* SOURCE DATA:
--
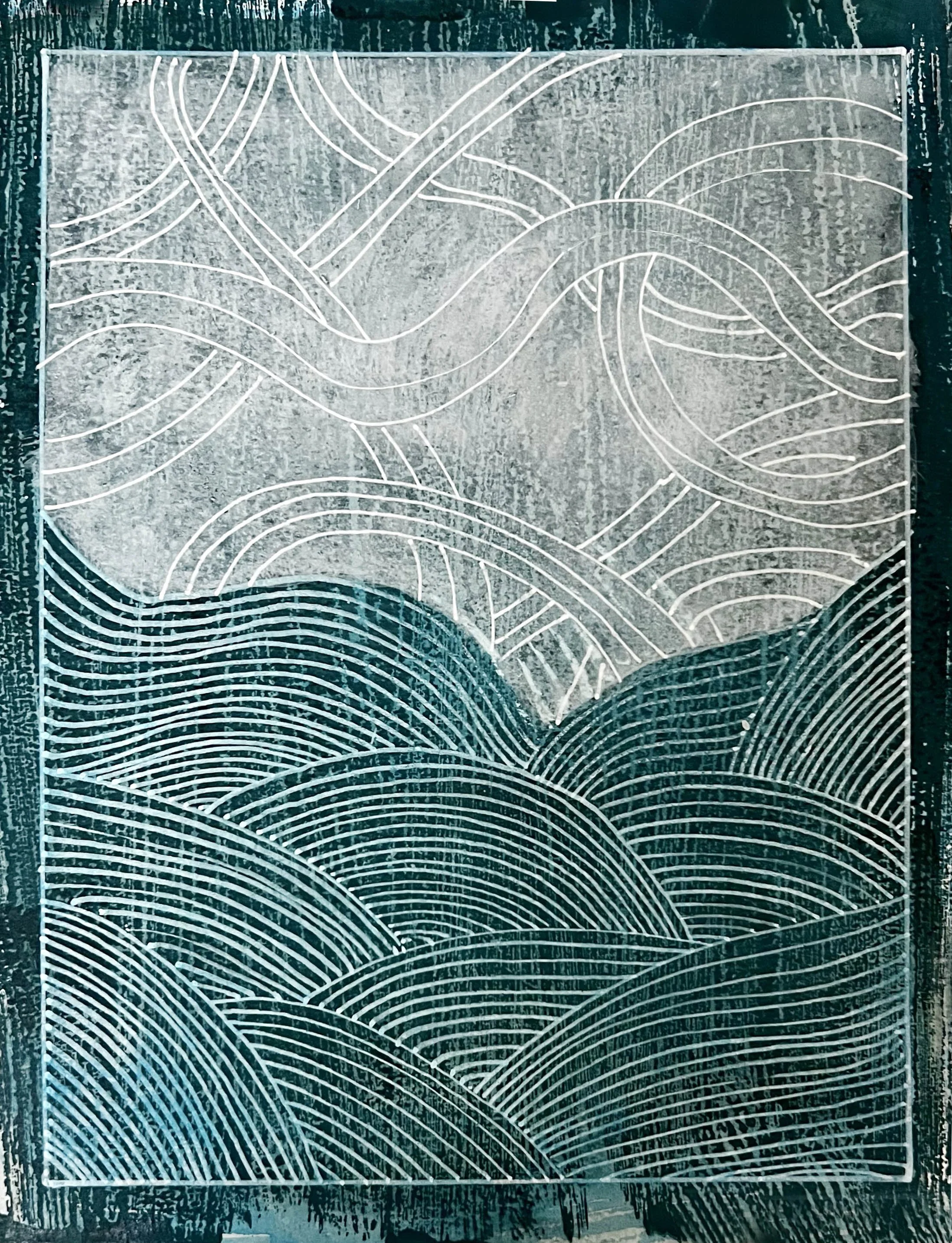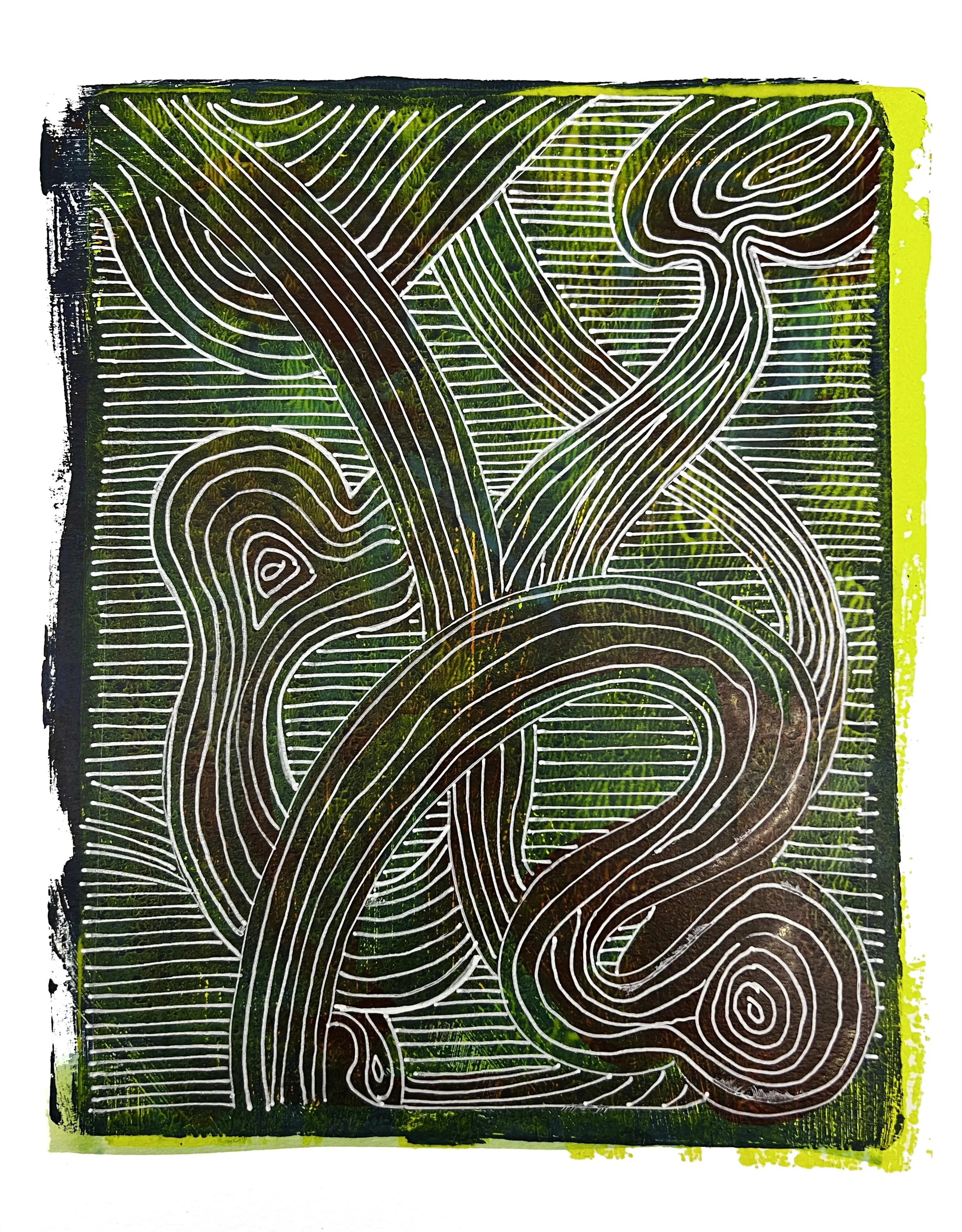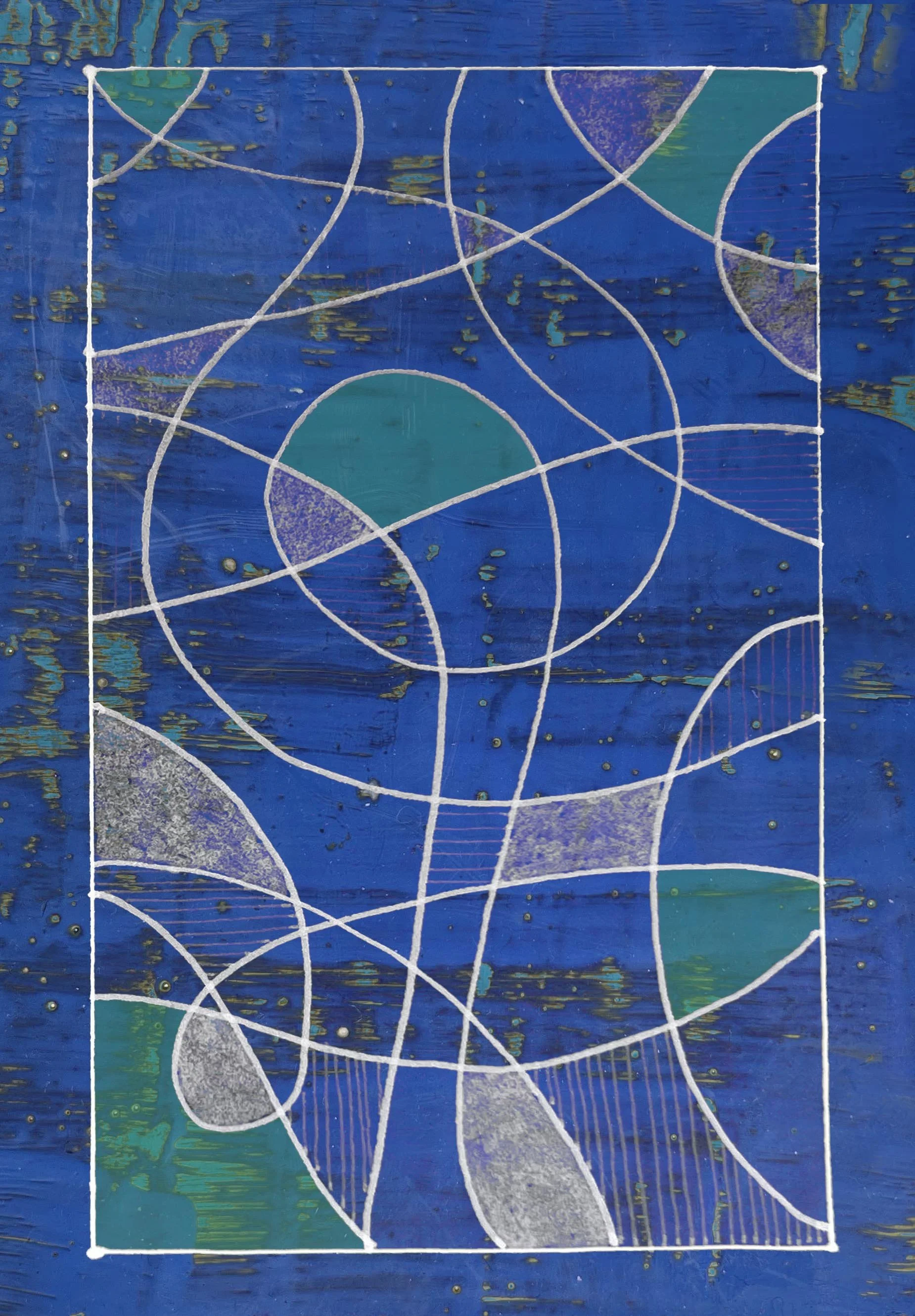 Mixed media works include monoprints, encaustic paintings, acrylic on wood panels and range in size from 11" x 15" to 3ft x 9ft. The compositions are an interplay of positive and negative forms, lines, and textures to engage viewers with the entire surface of each piece along the lines of musical compositions.
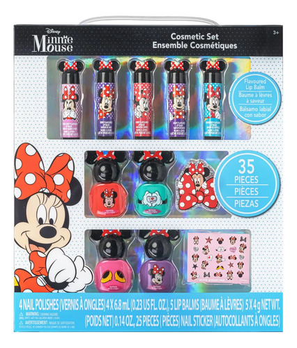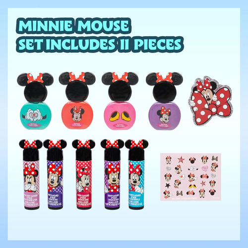 Townley Girl Disney Minnie Mouse Conjunto de Maquillaje cosmético Brillante para niñas con bálsamo Labial Esmalte de uñas Pegatinas perfectas para Fiestas
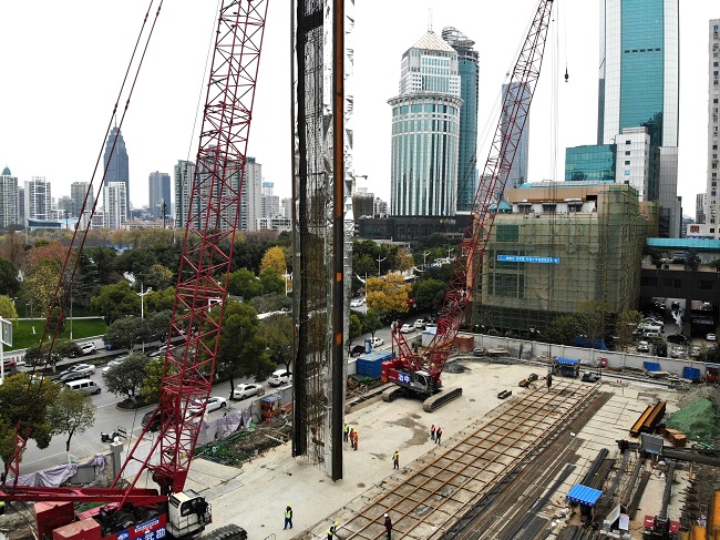 地下分項工程體量大,工期緊,質量要求高。支護、樁基、土方等工程造價已達1億多元,僅連續(xù)墻、樁基、鋼筋砼支撐的鋼材用量就達5000多噸,混凝土用量約為30000多立方米。基坑支護采用兩墻合一地下連續(xù)墻,厚度為1000毫米和800毫米,成槽深度可達50余米,在武漢地區(qū)極為少見。每幅鋼筋籠長達50米(約15層樓高),單幅鋼筋籠重量約52噸。其中地下連續(xù)墻混凝土強度等級為水下C35P10,具有水下不分離、自密實性、低泌水性和緩凝等特點,這對成槽后混凝土限時澆筑要求非常嚴格,且地連墻僅上部28米進行了三軸攪拌樁加固,下部易發(fā)生塌孔。項目部管理人員自行研制了深處泥漿取樣器,更客觀、便捷地檢測了深處泥漿指標,施工過程中未發(fā)生塌孔現象。地下連續(xù)墻原設計74幅,經項目部研究后和設計單位溝通,優(yōu)化為70幅,鋼筋籠兩次吊裝拼接改為一次性整體吊裝。不僅有效保障施工安全也提升了施工效率,節(jié)約建設成本20余萬元,取得雙贏的效果。最終,70幅地連墻歷時122天全部順利完工,比原計劃提前25天。
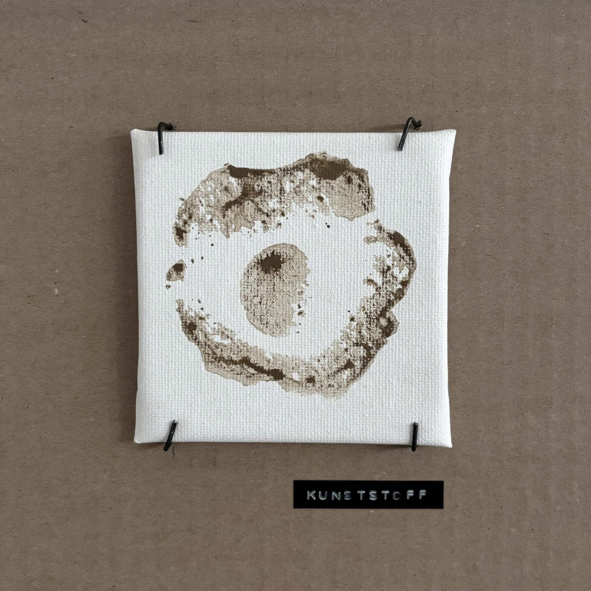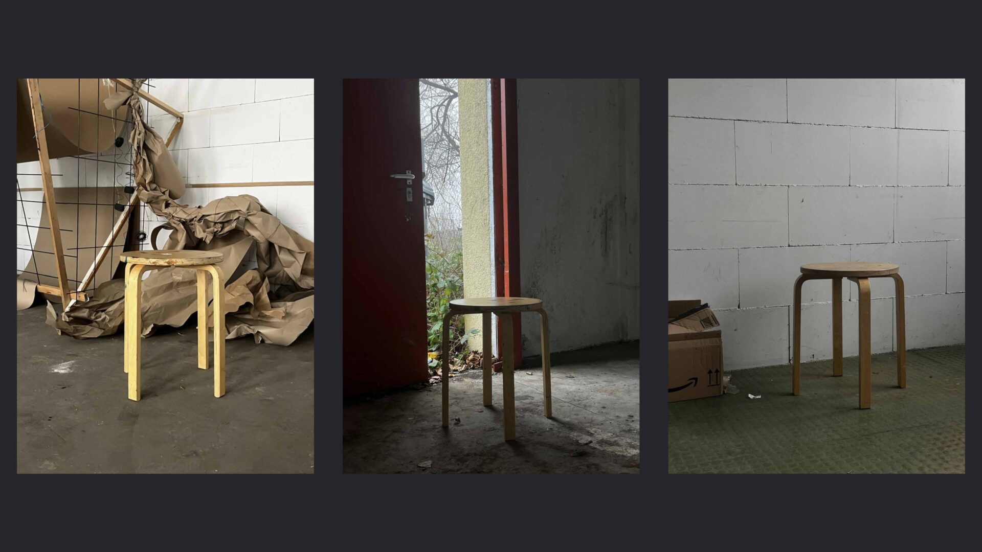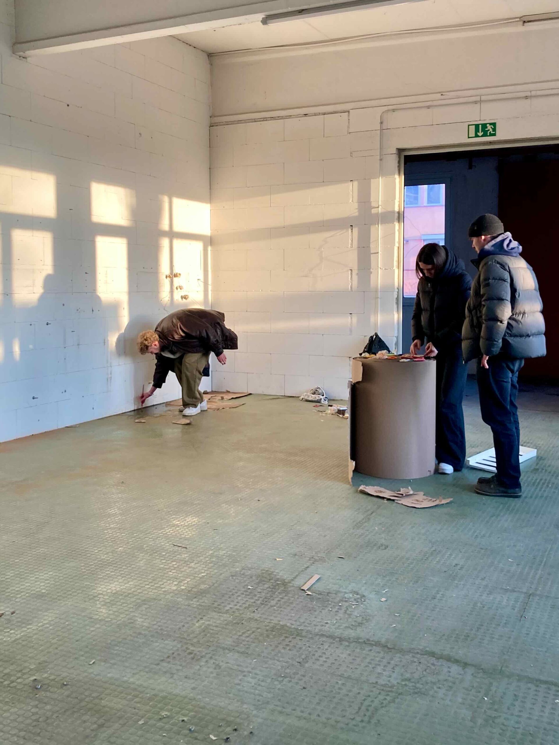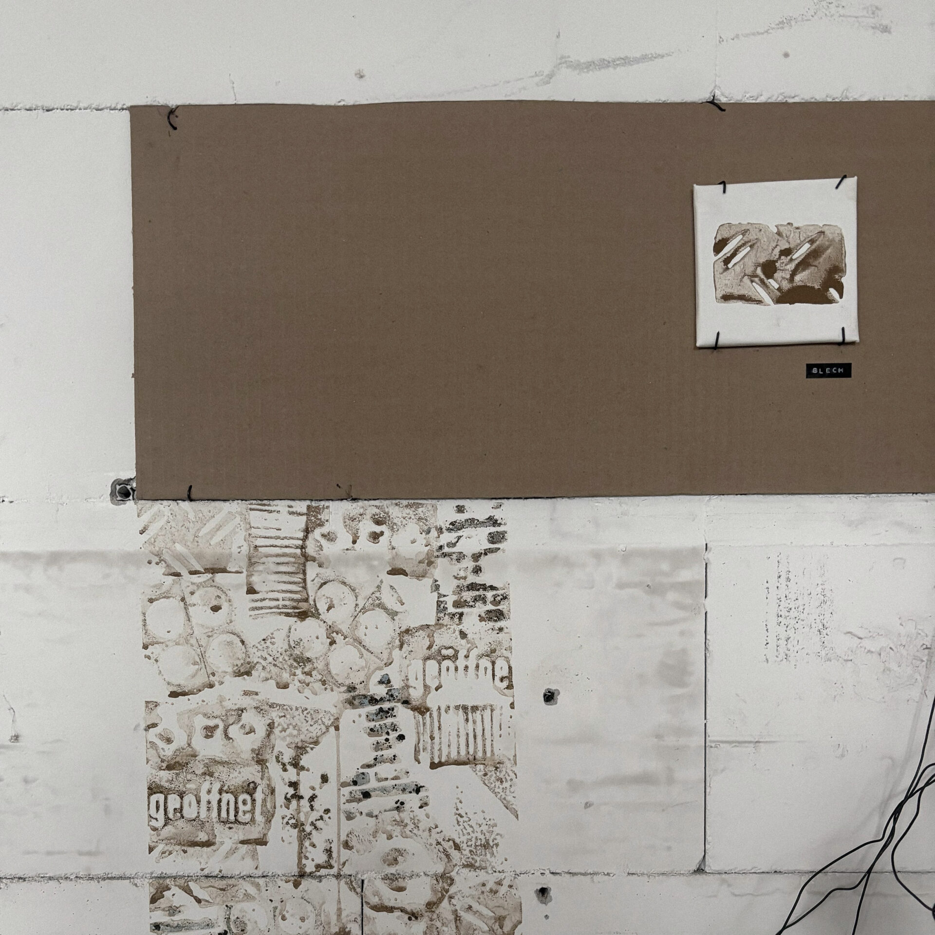 Ausgehend vom Boden wandert der Dreck an die Wand und formt dort eine Stempeltapete, die Strukturen des Gebäudes aufnimmt und weiterführt. Diese Bewegung verdichtet sich in einem horizontalen Streifen aus vor Ort gefundener Pappe, der als Präsentationsebene dient. Auf ihm werden die mit Dreck gestempelten Leinwände in einer bewusst musealen Ordnung gezeigt – im deutlichen Kontrast zur rohen, schmutzigen Umgebung.
--
* WHAT YOU SHOULD DO:
The listing above should be returned word for word, with pictures omitted.

* ANSWER FOR THIS EXERCISE:
 Mixed media works include monoprints, encaustic paintings, acrylic on wood panels and range in size from 11" x 15" to 3ft x 9ft. The compositions are an interplay of positive and negative forms, lines, and textures to engage viewers with the entire surface of each piece along the lines of musical compositions.
 Townley Girl Disney Minnie Mouse Conjunto de Maquillaje cosmético Brillante para niñas con bálsamo Labial Esmalte de uñas Pegatinas perfectas para Fiestas
 地下分項工程體量大,工期緊,質量要求高。支護、樁基、土方等工程造價已達1億多元,僅連續(xù)墻、樁基、鋼筋砼支撐的鋼材用量就達5000多噸,混凝土用量約為30000多立方米。基坑支護采用兩墻合一地下連續(xù)墻,厚度為1000毫米和800毫米,成槽深度可達50余米,在武漢地區(qū)極為少見。每幅鋼筋籠長達50米(約15層樓高),單幅鋼筋籠重量約52噸。其中地下連續(xù)墻混凝土強度等級為水下C35P10,具有水下不分離、自密實性、低泌水性和緩凝等特點,這對成槽后混凝土限時澆筑要求非常嚴格,且地連墻僅上部28米進行了三軸攪拌樁加固,下部易發(fā)生塌孔。項目部管理人員自行研制了深處泥漿取樣器,更客觀、便捷地檢測了深處泥漿指標,施工過程中未發(fā)生塌孔現象。地下連續(xù)墻原設計74幅,經項目部研究后和設計單位溝通,優(yōu)化為70幅,鋼筋籠兩次吊裝拼接改為一次性整體吊裝。不僅有效保障施工安全也提升了施工效率,節(jié)約建設成本20余萬元,取得雙贏的效果。最終,70幅地連墻歷時122天全部順利完工,比原計劃提前25天。
 Ausgehend vom Boden wandert der Dreck an die Wand und formt dort eine Stempeltapete, die Strukturen des Gebäudes aufnimmt und weiterführt. Diese Bewegung verdichtet sich in einem horizontalen Streifen aus vor Ort gefundener Pappe, der als Präsentationsebene dient. Auf ihm werden die mit Dreck gestempelten Leinwände in einer bewusst musealen Ordnung gezeigt – im deutlichen Kontrast zur rohen, schmutzigen Umgebung.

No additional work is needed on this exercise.